Provincial / State sides
- Years: Team / Apps / (Points)
- 1877, 1882–83, 1886, 1894: Auckland
- 1879–80, 1888: Wellington / 7
- 1885, 1887: Hawke's Bay

International career
- Years: Team / Apps / (Points)
- 1884: New Zealand / 7 / (12)
- 1888–89: New Zealand Natives / 21 / (10)

= Joe Warbrick =

Māori New Zealand rugby union player (1862–1903)

Joseph Astbury Warbrick (1 January 1862 – 30 August 1903) was a Māori member of the New Zealand national rugby union team on their 1884 tour to Australia. He later captained the 1888–89 New Zealand Native football team that embarked on a 107-match tour of New Zealand, Australia, and the British Isles.

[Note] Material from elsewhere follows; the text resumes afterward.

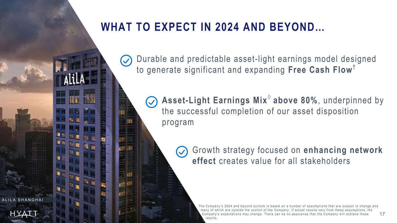 WHAT TO EXPECT IN 2024 AND BEYOND… A L I L A S H A N G H A I Growth strategy focused on enhancing network effect creates value for al l stakeholders Durable and predictable asset- l ight earnings model designed to generate signif icant and expanding Free Cash Flow† Asset-Light Earnings Mix◊ above 80% , underpinned by the successful completion of our asset disposit ion program 17 T h e C o m p a n y ’ s 2 0 2 4 a n d b e y o n d o u t l o o k i s b a s e d o n a n u m b e r o f a s s u m p t i o n s t h a t a r e s u b j e c t t o c h a n g e a n d m a n y o f w h i c h a r e o u t s i d e t h e c o n t r o l o f t h e C o m p a n y . I f a c t u a l r e s u l t s v a r y f r o m t h e s e a s s u m p t i o n s , t h e C o m p a n y ' s e x p e c t a t i o n s m a y c h a n g e . T h e r e c a n b e n o a s s u r a n c e t h a t t h e C o m p a n y w i l l a c h i e v e t h e s e r e s u l t s .

Born in Rotorua, Warbrick played club rugby for Auckland side Ponsonby while boarding at St Stephen's Native School. In 1877, he was selected to play fullback for Auckland Provincial Clubs as a 15-year-old, making him the youngest person to play first-class rugby in New Zealand. (Note: The definition of a first-class match can vary. First-class status is awarded at the discretion of the New Zealand Rugby Union (NZRU). According to the 2016 NZRU Competitions Regulations Handbook such status is automatically applied to various fixtures, including: senior national representative matches, provincial competition matches, Ranfurly Shield matches, and fixtures involving tours by visiting national teams, as well as "Such other matches as the NZRU Board may from time to time determine".) He played for Auckland against the visiting New South Wales team, the first overseas side to tour the country, in 1882. Two years later, he was selected for the first New Zealand representative team, and playing mainly as a three-quarter, appeared in seven of the side's eight matches on their tour of New South Wales.

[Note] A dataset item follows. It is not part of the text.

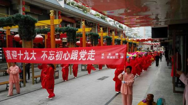 “盛世迎盛会,伟业耀千秋”,中国共产党第十九次全国代表大会于今天在北京召开,这是在全面建成小康社会决胜阶段、中国特色社会主义发展关键时期召开的一次十分重要的大会。为营造良好的社会氛围,城关镇东、西城社区组织居民举行扭秧歌庆祝活动。

In 1888, Warbrick conceived of, selected, and led the privately funded New Zealand Native team. The squad, which included four of Warbrick's brothers, was originally envisaged to contain only Māori players, but eventually included several New Zealand-born and foreign-born Europeans. Although the team played 107 matches, including 74 in the British Isles, Warbrick took part in only 21 matches due to injury. The tour, the first from the Southern Hemisphere to visit Britain, remains the longest in rugby's history. In 2008, Warbrick and the Natives were inducted into the World Rugby Hall of Fame.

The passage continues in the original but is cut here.